Training: tuning the knobs to fit the data

So how do the knobs get set? You start with random values — the model's first guesses are nonsense. You feed it a training example, it predicts, and you measure how wrong it is: the gap between its prediction and the true label. Average that wrongness across the data and you have a single number called the loss — lower is better. Training is the search for parameter values that make the loss small. This is what people mean by "fitting a model to the data."

The search itself is wonderfully mechanical. For each knob you ask: if I nudge this one up a little, does the loss go up or down? Then you nudge every knob the way that lowers the loss, just a touch, and repeat — thousands or millions of times. That patient downhill walk is gradient descent, and some version of it powers nearly all modern training. No insight, no understanding — just "which tiny adjustment makes me less wrong," done relentlessly.

Start the parameters at random values.
Run examples through the model to get predictions.
Measure the loss — how far the predictions are from the true labels.
Nudge every parameter slightly in the direction that lowers the loss.
Repeat steps 2-4 until the loss stops improving much.

params = random()
repeat many times:
    pred  = model(features, params)
    loss  = how_wrong(pred, labels)
    grad  = which_way_lowers(loss, params)
    params = params - step_size * grad   # nudge downhill
# params now "fit" the training data

The whole training loop in spirit: predict, measure error, nudge the parameters downhill, repeat.

Training versus using — and the trap of memorising

Once the knobs are set, training is over and the model can be *used*: hand it a brand-new house it never saw, and it produces a price in a single forward pass — no more knob-turning. This split is training versus inference. Training is the slow, expensive, one-time (or occasional) process of finding the parameters; inference is the fast, cheap, repeated act of running the finished model on new inputs. The chatbot answering you is doing inference; its months of training already happened, and its knobs are frozen.

This is also where honesty matters most. The goal was never to do well on the houses we already know the prices of — we wanted to predict *new* ones. A model that simply memorises the training data, like a student who memorises the answer key without learning the subject, scores perfectly on what it saw and flops on anything new. That failure is overfitting, and fighting it is one of the central struggles of the whole field.

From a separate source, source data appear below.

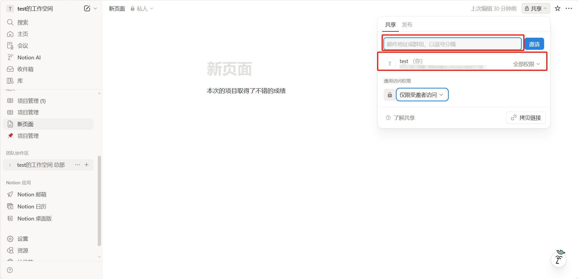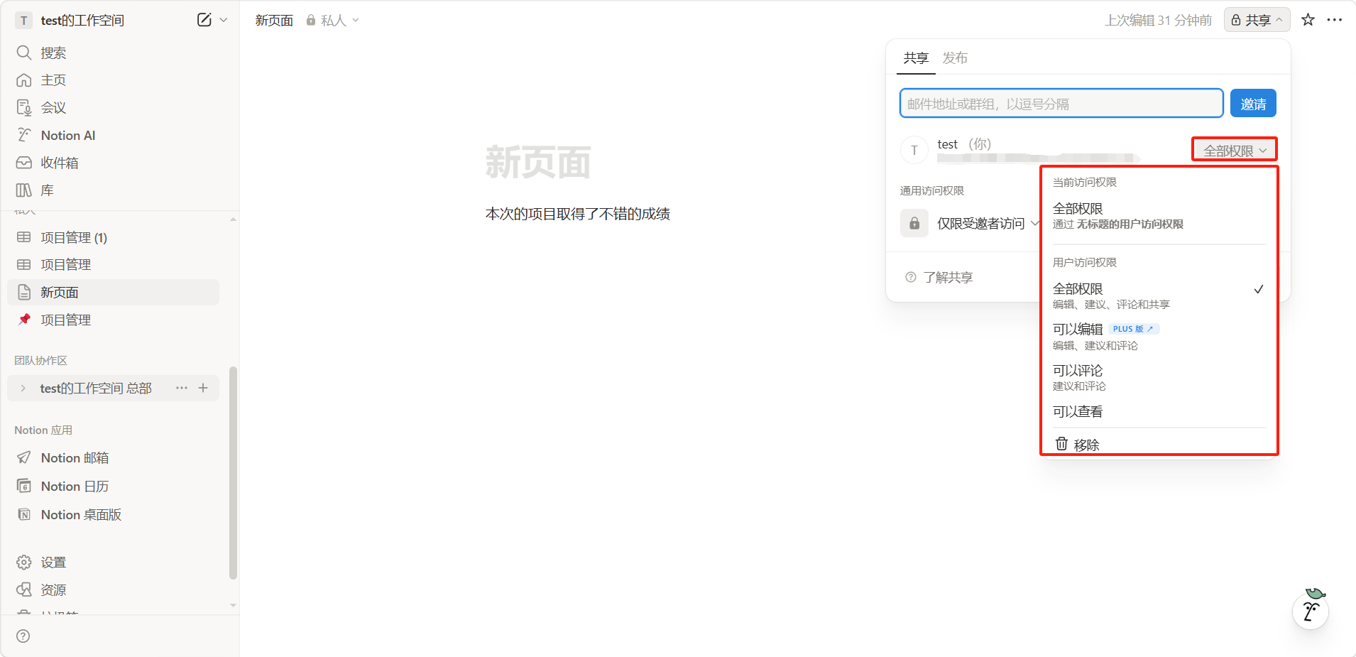 Notion 提供了灵活而强大的共享与协作机制。你可以精细地控制谁能访问你的页面,以及他们拥有什么级别的权限。无论是团队内部协作还是与外部伙伴共享,Notion 都能满足需求。协作功能贯穿 Notion 的各个层面——从整个工作空间到单个页面,都可以独立设置权限。
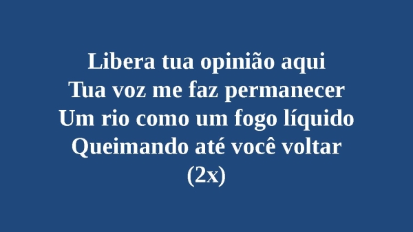 - Libera tua opinião aquiTua voz me faz permanecerUm rio como um fogo líquidoQueimando até você voltar(2x)
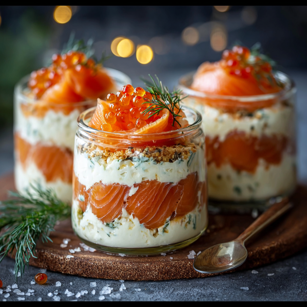 Les verrines de saumon et mascarpone sont une entrée fraîche, élégante et gourmande. Grâce à la combinaison du saumon fumé, de la crème onctueuse au mascarpone et de la touche acidulée du citron, elles offrent une expérience gustative équilibrée et délicate.
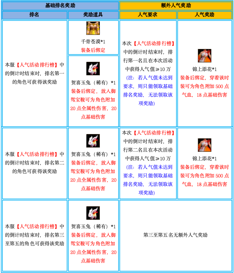 4、“基础排名奖励”只要在【人气活动排行榜】结束时达到指定名次要求即可领取;
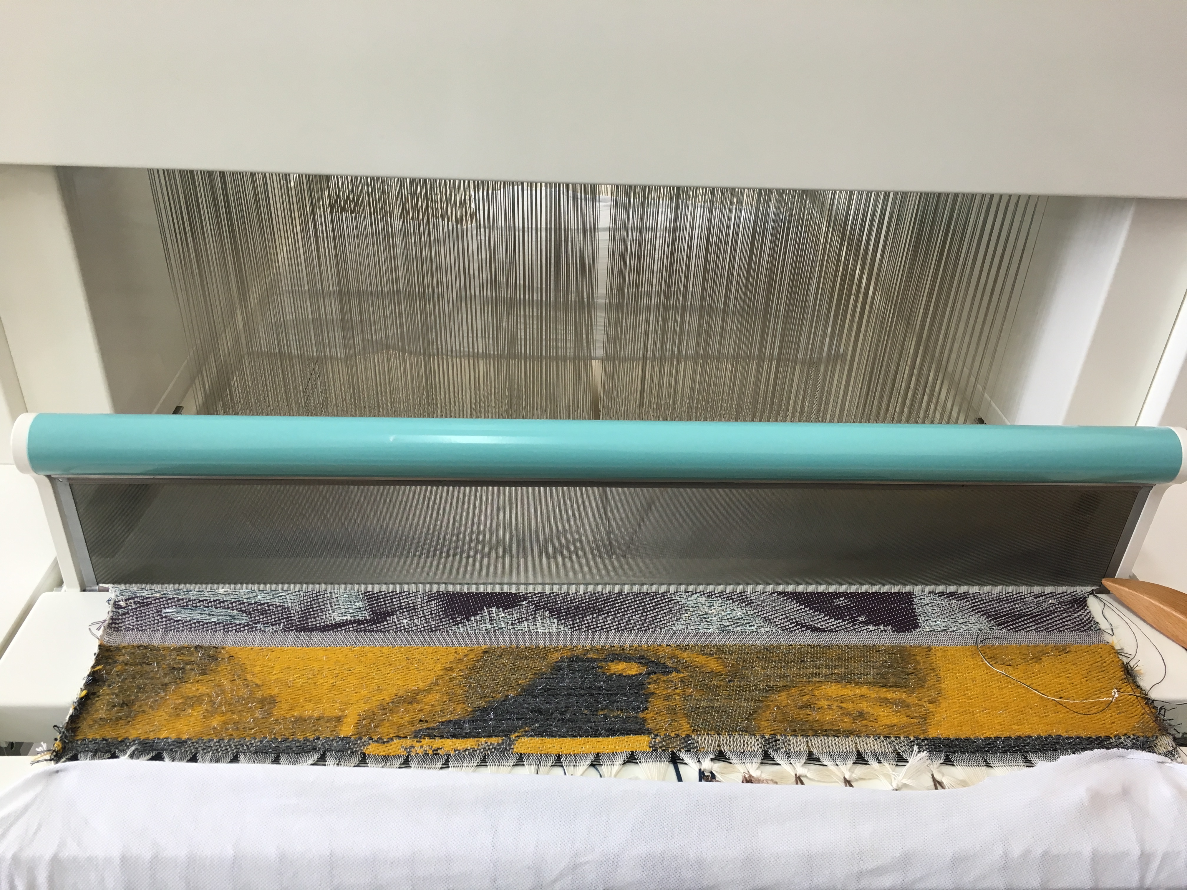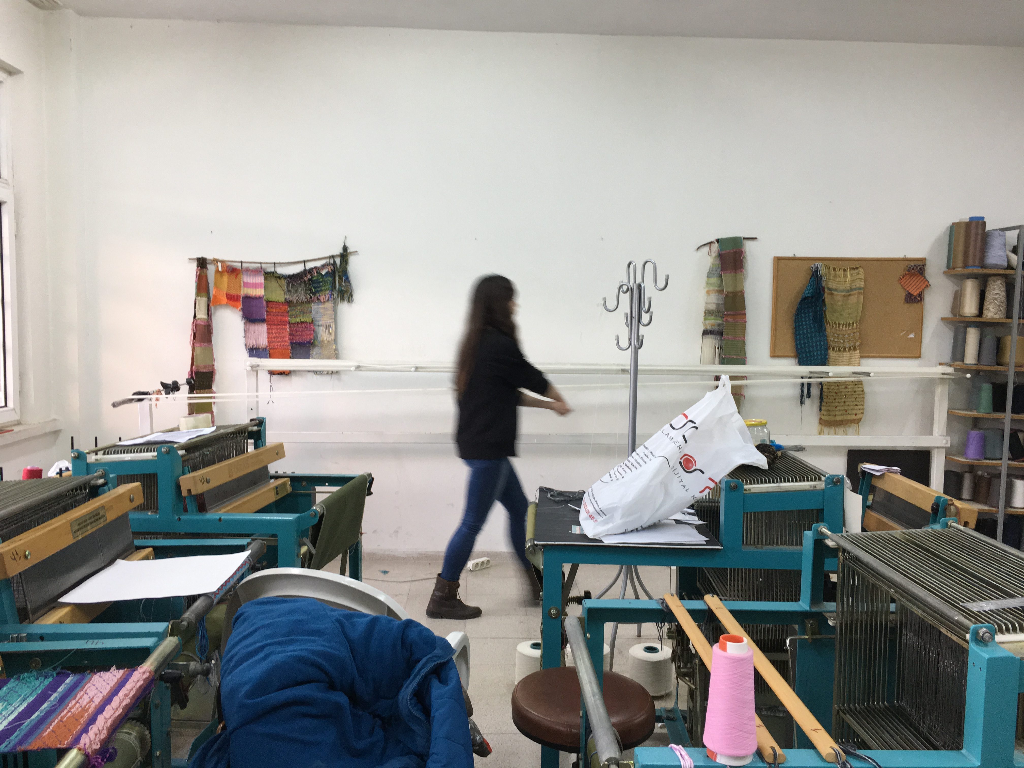 In the same room, they had a number of small 24-shaft dobby looms of Turkish make: They looked smart with the button operation!
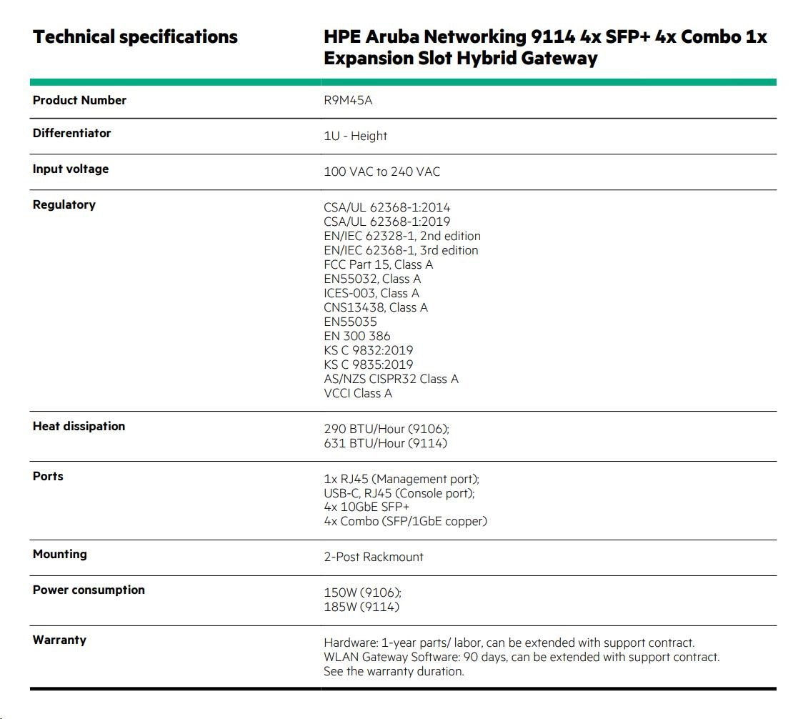 HPE Aruba Networking 9114 4x SFP+ 4x Combo 1x Expansion Slot Hybrid Gateway R9M45AR RENEW
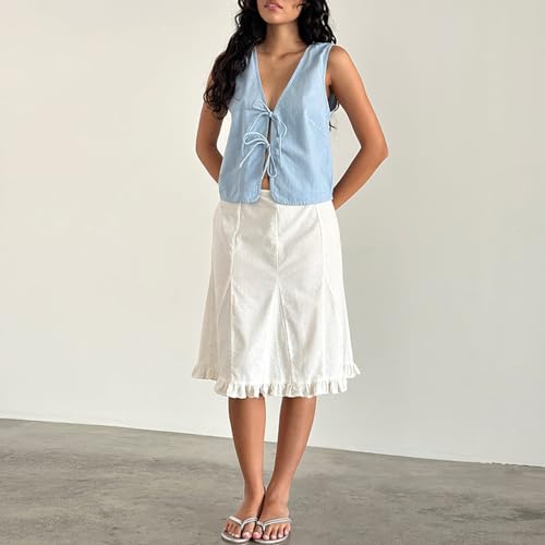 • Features: Y2k vest going out tops, sleeveless crop tops for women, solid color, tie front crop top, loose fit bow tie up tops for women.

So when someone says a machine "learned," you can now translate it precisely: a model with adjustable parameters was shown labelled examples, and a downhill search tuned those parameters until its predictions on the examples grew accurate — ideally in a way that carries over to new cases. No magic, no understanding, no inner life. Just data, a function, and a great many small corrections. Hold onto that picture; everything heavier in this ladder is built on it.